North Koreans to visit arms ship sailors held in Panama

PANAMA CITY (AFP) - A North Korean delegation is expected to visit Panama to see 35 sailors who were detained there after their ship was impounded and Cuban arms were detected aboard.

"We issued them visas so they could enter and they will receive" them tomorrow, Wednesday, Panamanian Foreign Minister Fernando Nunez said on Tuesday.

The sailors have been held on arms trafficking charges that carry maximum sentences of up to 12 years in prison.

The ship, the Chong Chon Gang, was boarded and searched July 10 on suspicion it was smuggling drugs through the Panama Canal.

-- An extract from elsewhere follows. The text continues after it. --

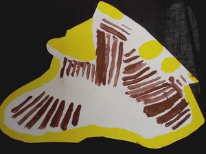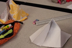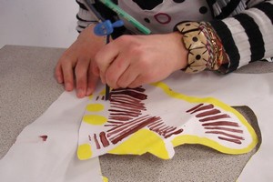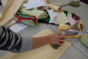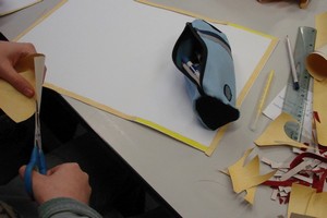 Le choix du ou des papiers est assez rapide. Plusieurs élèves se lancent dans des brouillons en testant le papier. On l'use, le gratte, le pique, le mouille, le froisse. Une autre partie de la classe essaye de reproduire le motif, de retrouver la forme avec la pliure, d'imiter les couleurs.

Authorities instead uncovered 25 containers filled with military hardware, including two stripped down Soviet era MiG-21s, air defence systems, missiles and command and control vehicles, buried under tons of sugar.

Havana said they were obsolete Cuban arms being shipped to North Korea for refurbishment under a legitimate contract.

The sailors are being held at Fort Sherman, a former US military base.

Nunez said their fate depended on Panama's legal process. The Latin American country has no diplomatic relations with North Korea.

A team of UN experts travelled to Panama to inspect the weapons and determine whether the shipment violated a ban against arms transfers to North Korea.